Some writers outline and some make things up as they go along. I’m the first kind because when I try to be the second kind I end up down a giant, dark hole with no way out except for the use of the delete button. That’s a scary place to be for me.
I created a formal template of the outline I used on my last novel, The Second Chance House, and thought I’d share the outline with you. My novel is out in submission now, let’s keep our fingers crossed it finds the right home. I would like to use the outline again when I begin the second book in the series. Because I had done much of the work upfront, there was much less to edit on the back end. Oh, there was stuff to edit for sure, but I wasn’t trying to claw my way out of the black hole like I had in the last novel in my middle-grade series, Welcome To Skull Mountain.

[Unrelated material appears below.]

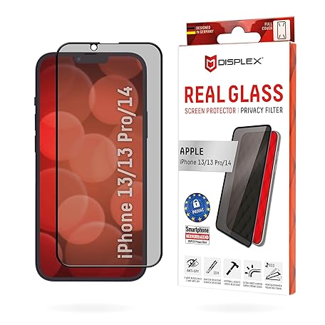 Displex Privacy Full Cover Tempered Glass (10H) for Apple iPhone 13/13 Pro/14/16e, Eco Mounting Frame, Privacy Filter, Tempered Glass, Scratch-Resistant Protective Film, Case-Friendly
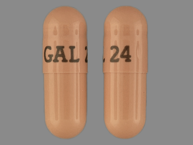 An imprint code is a combination of letters, numbers, or symbols that appears on a pill, tablet, or capsule. The FDA requires all approved drug products to have a unique imprint so that they can be identified in case of accidental ingestion or medication confusion. The imprint GAL;24 is the code found on the pill you are looking up.

The outline is not mine alone. I took pieces from gay romance author Damon Suede, (Damon is a fantastic writer and very funny. I’ve sat through several of his workshops.) And I took pieces from Cathy Yardley’s book Rock Your Plot. I like Cathy’s simplistic approach to explaining writing.
Here’s what I came up with:
Inciting Incident: The moment that changes the hero/heroine forever. Nothing is the same after this moment.
Plot Point One: Protagonist takes on the problem, but has no idea how to go about handling it.
Midpoint: Protagonist seems on the verge of achieving goal until everything falls apart. The protagonist is now proactive instead of reactive to the inciting incident. He/she can only be proactive by learning something new. The midpoint is a time to increase conflict.
Plot Point Two: Protagonist pushed into the spot from which success seems impossible. This should be the last big reveal of information and sets up the protagonist for the big dramatic conclusion. (You can’t reveal info after this point that hasn’t been set up already. Nothing can come in as a surprise to solve the problem.)
Black Moment/Climax: The worst possible thing has happened to the protagonist. All must seem lost at this point and the goal of the novel must seem unattainable.
Resolution: The breather. The world is restored to order and the protagonists can take a deep breath, and enjoy reaching their goal.
The outline is overly simplified, but it kept me on track. I filled in the blanks for every plot layer and subplot I had making sure every thread wound up at the climax of the story. This way the black moment effected everyone’s goals.
An outline might not speak to you. That’s okay. There is no right or wrong way to write a book. Find the method that works and try it. You may have a different method for each book you write. That’s fine too.